What the exercise asks>
Copy, word for word, the lines below from the one containing "встраивания | 55.8x55x60см |" up to and including the one containing "17 492 502 ₽3-к.квартира, 61.86 м², 11 эт.", with pictures left out.

Record extracts>
Content starts

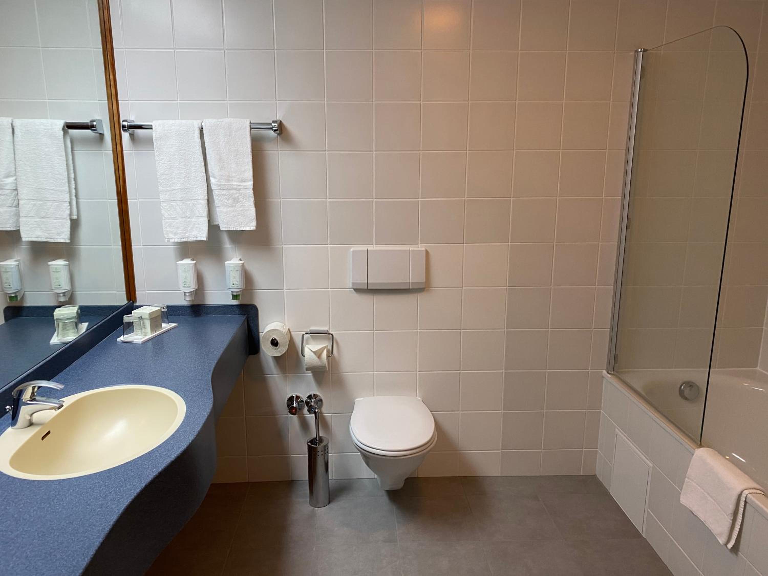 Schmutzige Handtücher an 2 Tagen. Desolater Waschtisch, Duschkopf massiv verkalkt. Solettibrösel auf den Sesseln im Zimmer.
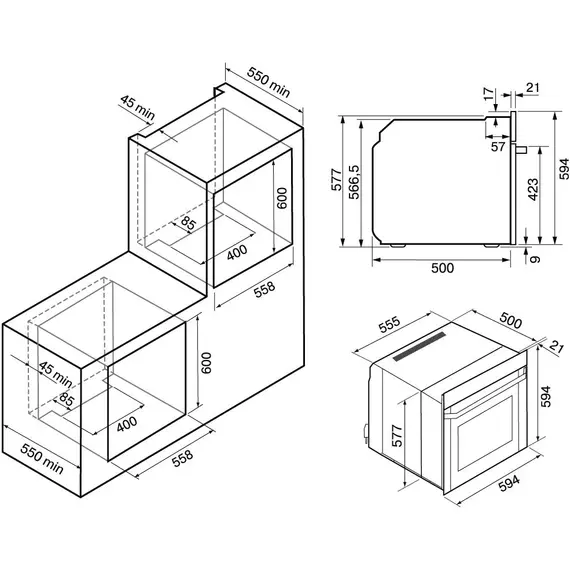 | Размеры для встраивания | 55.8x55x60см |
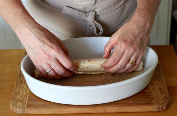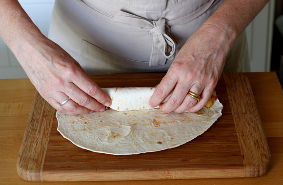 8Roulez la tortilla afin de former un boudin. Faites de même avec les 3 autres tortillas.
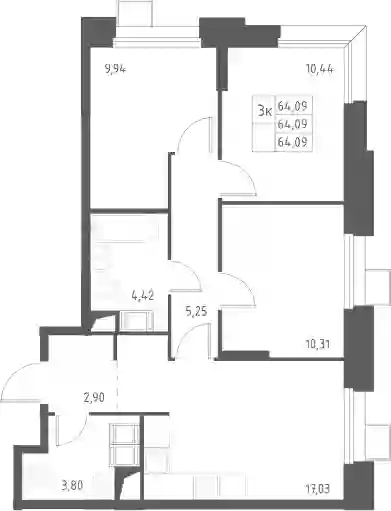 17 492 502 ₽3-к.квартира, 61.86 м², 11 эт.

Content ends
Content starts

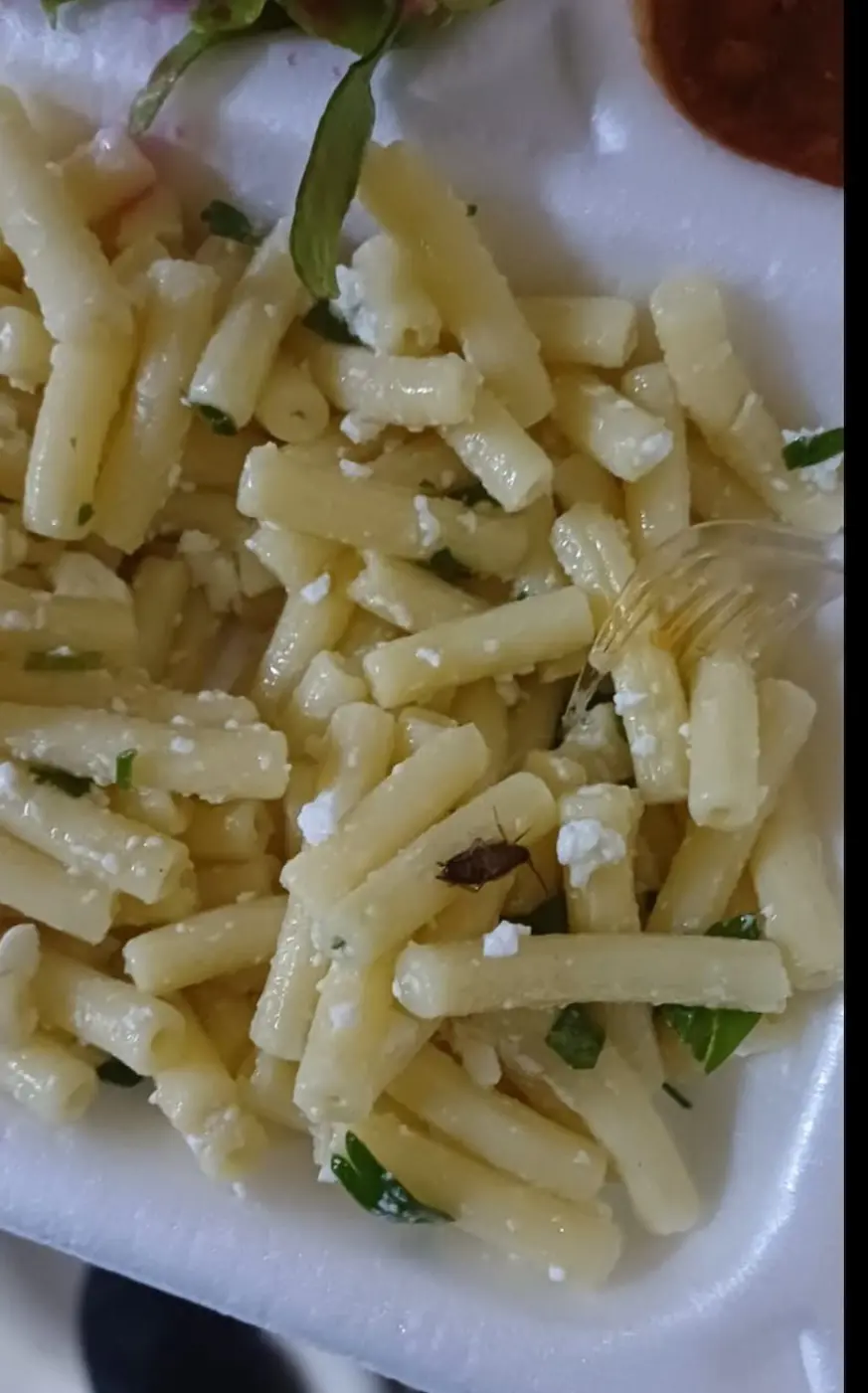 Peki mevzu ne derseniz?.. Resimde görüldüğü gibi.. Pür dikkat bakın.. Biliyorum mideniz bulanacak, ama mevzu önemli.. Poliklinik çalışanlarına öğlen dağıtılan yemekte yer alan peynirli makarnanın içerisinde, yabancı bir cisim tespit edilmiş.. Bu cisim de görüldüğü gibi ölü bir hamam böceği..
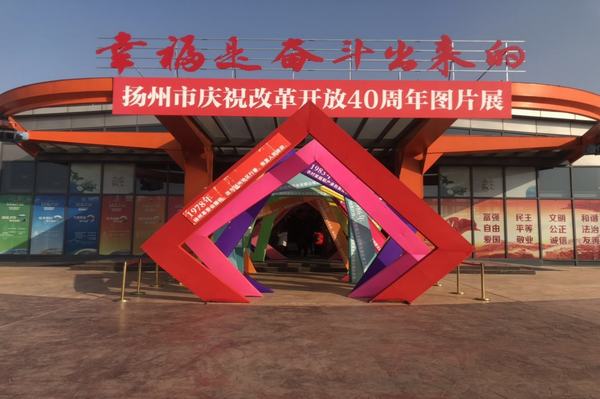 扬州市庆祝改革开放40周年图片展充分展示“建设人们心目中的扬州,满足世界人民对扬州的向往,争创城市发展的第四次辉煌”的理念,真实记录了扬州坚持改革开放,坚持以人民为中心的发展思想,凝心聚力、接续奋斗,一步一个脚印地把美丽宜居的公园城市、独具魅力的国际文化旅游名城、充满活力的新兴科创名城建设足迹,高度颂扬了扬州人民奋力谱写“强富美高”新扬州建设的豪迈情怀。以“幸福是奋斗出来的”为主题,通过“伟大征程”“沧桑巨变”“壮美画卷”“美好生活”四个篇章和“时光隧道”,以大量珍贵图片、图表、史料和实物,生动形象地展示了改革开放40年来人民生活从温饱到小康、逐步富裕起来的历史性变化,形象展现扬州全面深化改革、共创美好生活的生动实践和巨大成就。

Content ends

Reply>
 | Размеры для встраивания | 55.8x55x60см |
 8Roulez la tortilla afin de former un boudin. Faites de même avec les 3 autres tortillas.
 17 492 502 ₽3-к.квартира, 61.86 м², 11 эт.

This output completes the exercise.